How it works: Accelerate wraps your PyTorch training loop with the Accelerator class, which automatically handles device placement, distributed synchronization, and mixed precision. The framework handles the underlying distributed strategy (DDP, FSDP, DeepSpeed) based on your configuration. See the Accelerate docs for examples on how to wrap your standard PyTorch code to use Accelerate.

Running at NERSC: Accelerate can be found in our pytorch module and containers. Accelerate can be launched using either accelerate launch or torchrun.

Note

When using Hugging Face, set the HF cache directory to scratch to avoid filesystem issues:

export HF_HOME=$SCRATCH/cache/huggingface

DeepSpeed

DeepSpeed is Microsoft's deep learning optimization library that enables training of extremely large models through memory optimization and parallelism techniques.

When to use: Very large models where you need maximum memory efficiency, advanced features like CPU offloading, or sophisticated pipeline parallelism. While PyTorch FSDP is simpler to set up and sufficient for most models, DeepSpeed remains valuable for large model training and deployments requiring advanced optimizations.

How it works: DeepSpeed implements ZeRO (Zero Redundancy Optimizer) which partitions optimizer states, gradients, and model parameters across multiple GPUs to reduce memory usage. It can offload computations and memory to CPU when GPU memory is insufficient. The framework supports hybrid parallelism combining data and pipeline parallelism. It requires configuration files that specify the optimization strategy and parallelism setup.

Running at NERSC: DeepSpeed can be found in our pytorch module and containers. Although DeepSpeed provides its own launcher, we recommend using torchrun at NERSC. When using torchrun instead of the DeepSpeed launcher, no hostfile has to be created (since SLURM will take care of resource assignment). Rather than supplying the DeepSpeed configuration file to the launcher, provide it during initialization:

model_engine, optimizer, trainloader, _ = deepspeed.initialize(
  model=model,
  model_parameters=model_parameters,
  training_data=dataset,
  config="path/to/config.json"
)

Lightning

Lightning is a high-level framework built on top of PyTorch that organizes your code into reusable components and automates many aspects of the training process, including distributed training, checkpointing, and logging.

When to use: When you want to focus on model architecture and training logic without managing training loops, device placement, or distributed training setup.
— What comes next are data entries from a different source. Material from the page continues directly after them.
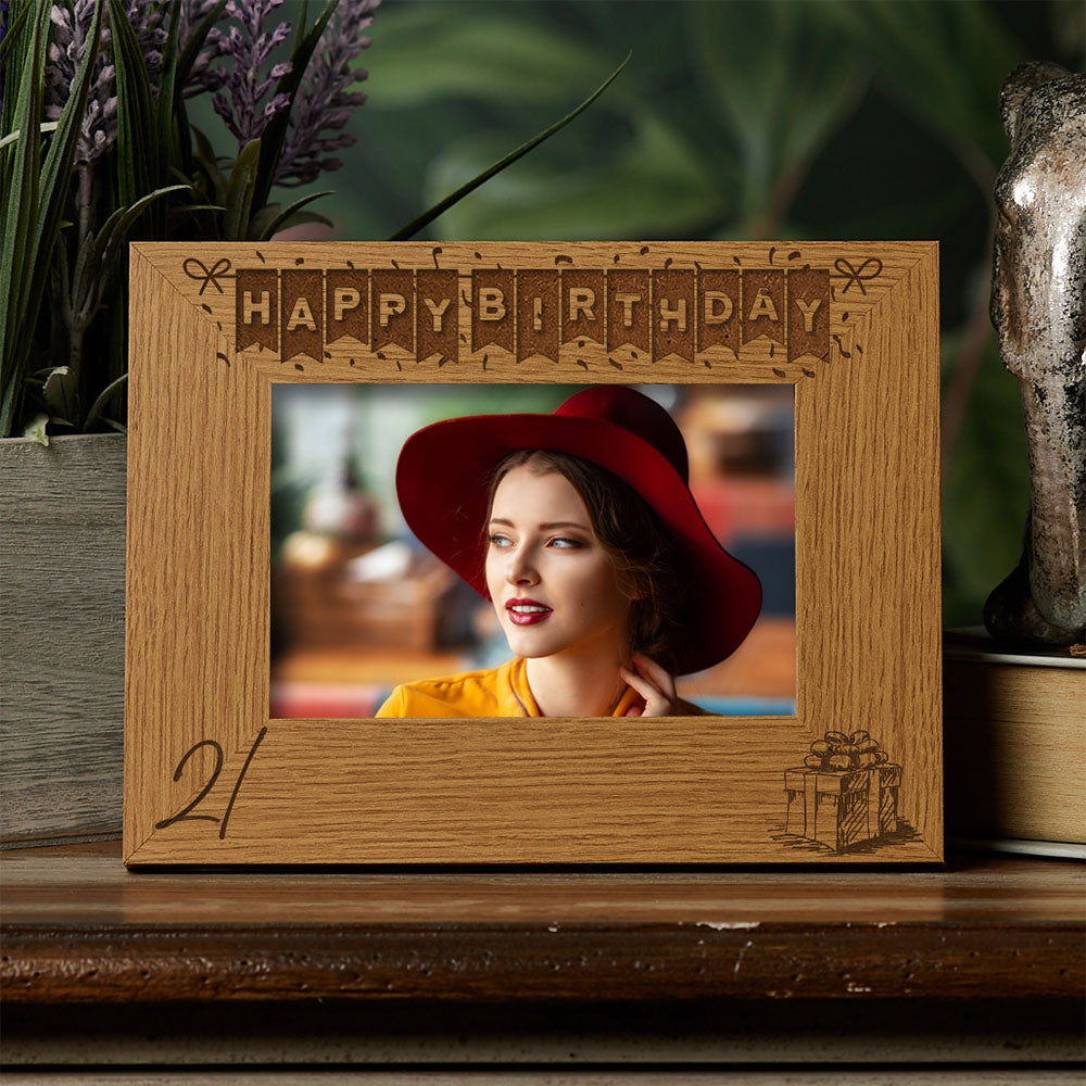 The frame has a oak wood finish with the engraving of Happy Birthday in a banner style on top and the age below.
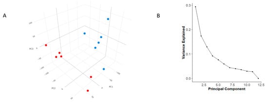 Principal Component Analysis (PCA) based on gene expression profiles revealed that PC1 and PC2 together explained 45.7% of the total variance, which is close to the typical threshold of acceptability around 40–50% of the variance explained by the first two component. Including PC3 and PC4 increased the explained variance to 68.8% (Figure 1A). Since PCA mainly shows how samples are distributed, a scree plot was drawn to complement the PCA interpretation. As depicted in Figure 1B, there was a steep slope at the beginning, indicating that the first principal components (PC1 and PC2) explain most of the variability. However, the subsequent components provide increasingly less relevant information only after the inflection point, approximately located between PC3 and PC5.
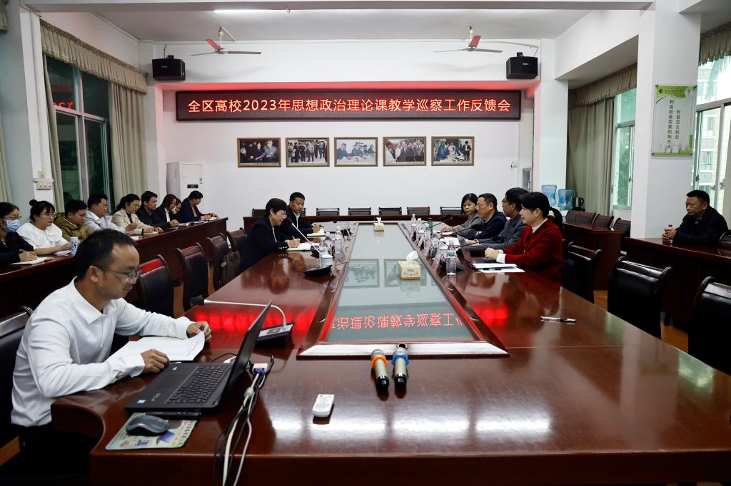 下午5点40分,2023年全区高校思想政治理论课教学巡察工作反馈会在图书馆2楼会议室召开,开云官网党委副书记赵丽娟,马克思主义学院及相关部门、学院负责人参加会议。
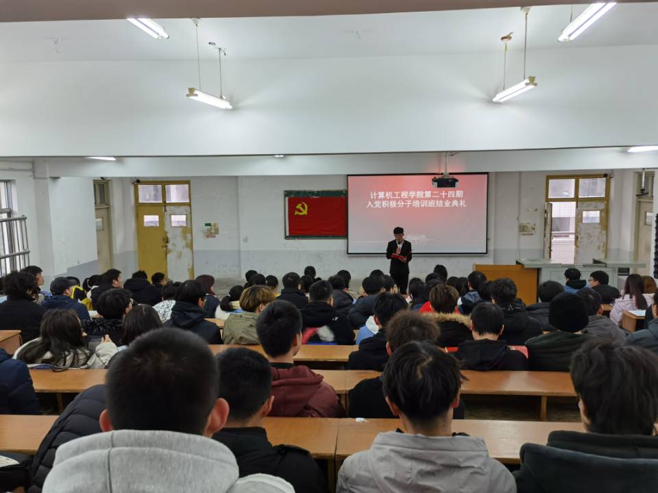 在北区6栋阶梯02教室举行第二十四期入党积极分子培训班结业典礼。学院党委书记曹德勇、党委副书记李小华、辅导员童晓芳、张闪,全体学生党员、第二十四期入党积极分子和学生党总支全体干事参加了结业典礼。典礼由余果主持。
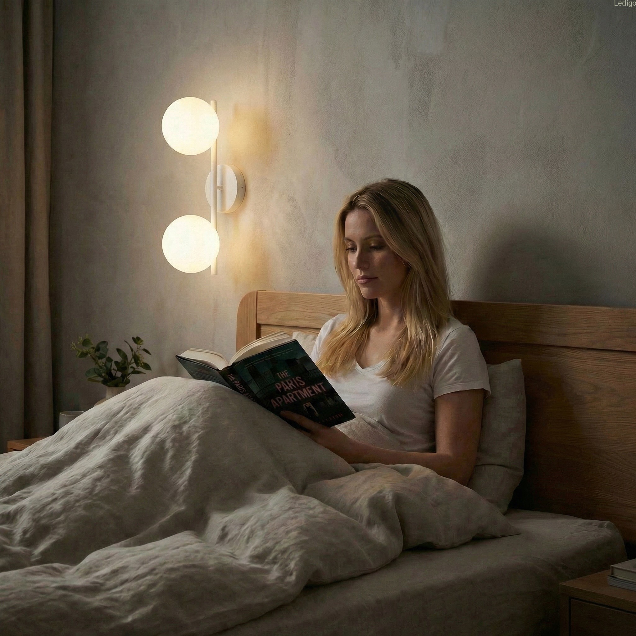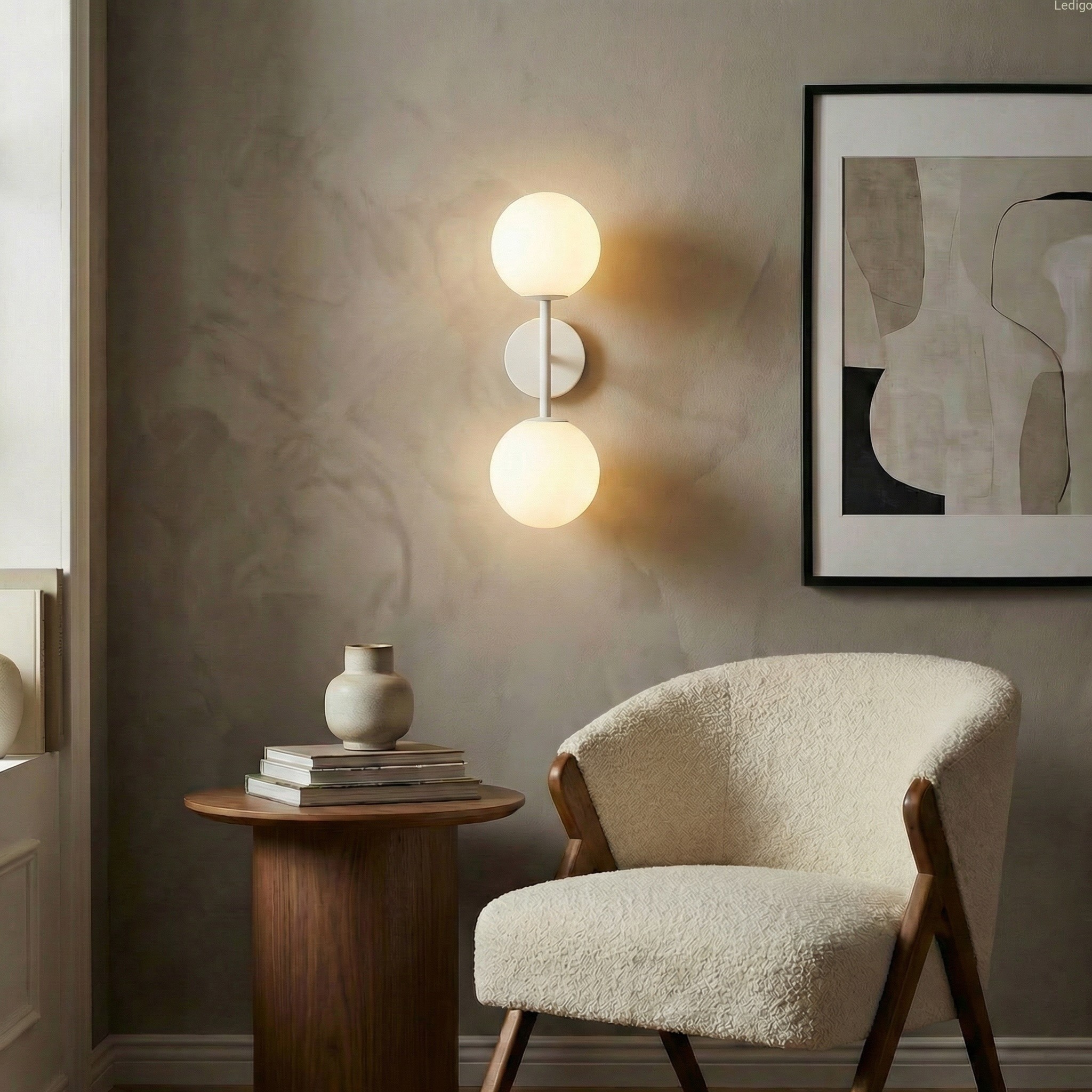 Dwa klosze z mlecznego, matowego szkła przypominają idealne perły. Dzięki swojej strukturze zamieniają surowe światło żarówek w kojącą, miękką poświatę, która nie razi w oczy, a otula pomieszczenie przytulnością.
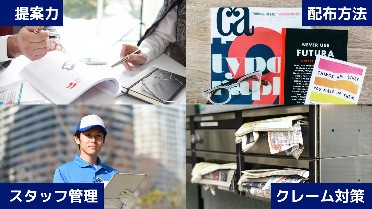ポスティング会社を選ぶポイントは、目的や配布方法を明確に決めクレーム対策や配布管理がしっかりできていることです。
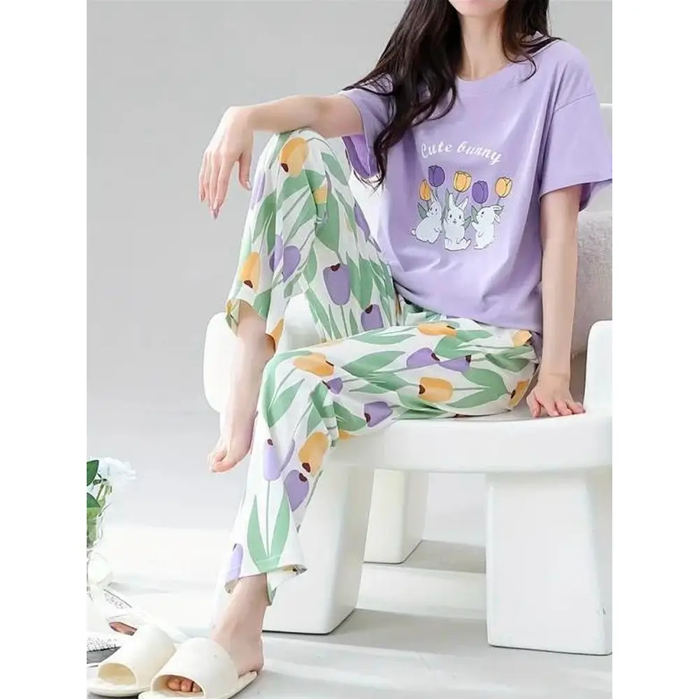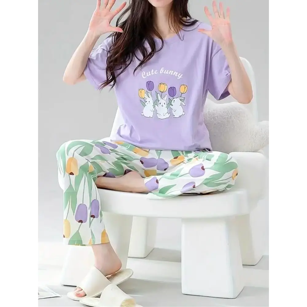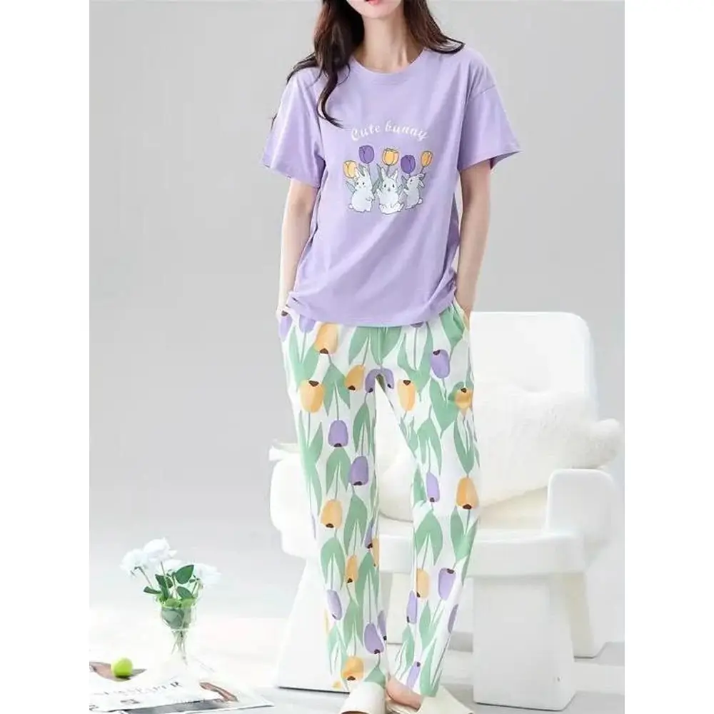 Relax in style with this adorable Cute Bunny Nightwear Set, designed for ultimate comfort and a playful look. The soft lavender t-shirt paired with beautifully printed pajama pants makes it perfect for cozy nights, lazy mornings, and all-day lounging. Light, breathable, and irresistibly cute — this set is a must-have for your nightwear collection.

Lightning handles training orchestration automatically and supports many distributed strategies including DDP, FSDP, and DeepSpeed through simple configuration changes; see the implemented distribution strategies. If you want more control over your training pipeline, standard PyTorch is still recommended.

How it works: Lightning abstracts the training loop into a standardized interface through the [LightningModule] (https://lightning.ai/docs/pytorch/stable/common/lightning_module.html) and [Trainer] (https://lightning.ai/docs/pytorch/stable/common/trainer.html) classes. Your model inherits from LightningModule where you define the forward pass, training/validation steps, and optimizers. The Trainer manages the actual training execution, automatically handling mixed precision, checkpointing, logging, and distributed training coordination.

Running at NERSC: Lightning can be found in our pytorch module and containers. We recommend running Lightning training with torchrun. Alternatively, Lightning has [SLURM integration] (https://lightning.ai/docs/pytorch/stable/clouds/cluster_advanced.html#run-on-a-slurm-managed-cluster), but requires special care when running in interactive sessions due to automatic environment detection.

Megatron

Megatron is NVIDIA's framework for efficiently training large language models using advanced model parallelism techniques including tensor, pipeline, and sequence parallelism.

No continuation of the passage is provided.